This sometimes intoxicating collaboration between mild-mannered guitar hero Bill Frisell and guitarist-singer Vinicius Cantuária, a Brazilian living in Brooklyn, might come as a surprise for anyone following Frisell’s discography. Then again, it might not: It may have been inevitable that Frisell would sooner or later turn his musical energies toward Brazil. Both Brazilian music and Frisell-ian music operate in the expressive areas where lyricism and experimental instincts meet and often thrive.

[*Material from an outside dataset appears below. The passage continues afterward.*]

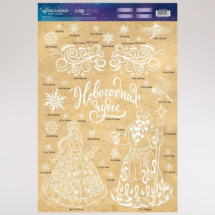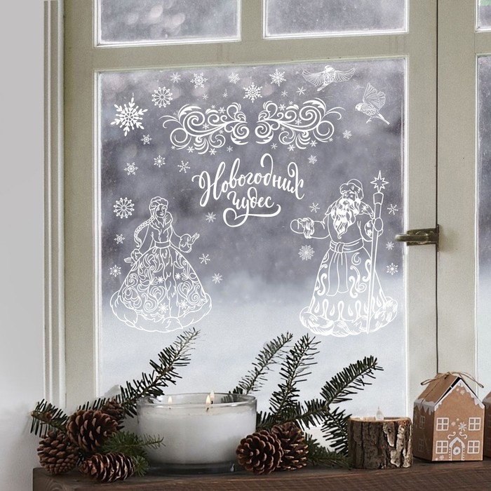 Наклейки для окон «Дед Мороз и Снегурочка», многоразовая, 33 х 50 см, Новый год

But that merging of jazz and Brazilian sensibilities tells only part of the story. Having guested on each other’s projects, and with Cantuária supplying an integral voice on Frisell’s worldly The Intercontinentals, they have shared history and ample simpatico. That connection goes deeper on this genuine collaborative effort, with co-written songs. Switching between Portuguese, Spanish and English, Cantuária sings with a supple, understated charisma on tunes like the title track; his ode to his adopted home of Brooklyn, “Calle 7”; and the seductive lull of “Aquela Mulher.”
After playing much of the album’s songs in a relatively straight way, with Frisell’s sonic debris and asides in the corners of the tracks, the guitarist’s inner deconstructionist comes out to play at album’s end. “Briga de Namorados” is a bubbly, folkloric sweetie of a tune, but one that melts into an impressionistic passage replete with Frisell’s trademarked use of looping. A canned echo of the more straightforward beginning is flown in at the end, like a dream or a memory.
As a non sequitur of a finale, “Forinfas” is a brief blip of a ’20s-esque number, reminding us that these musicians are disinclined to head down the middle for too long—although, thankfully, they have nothing against an attractive melody.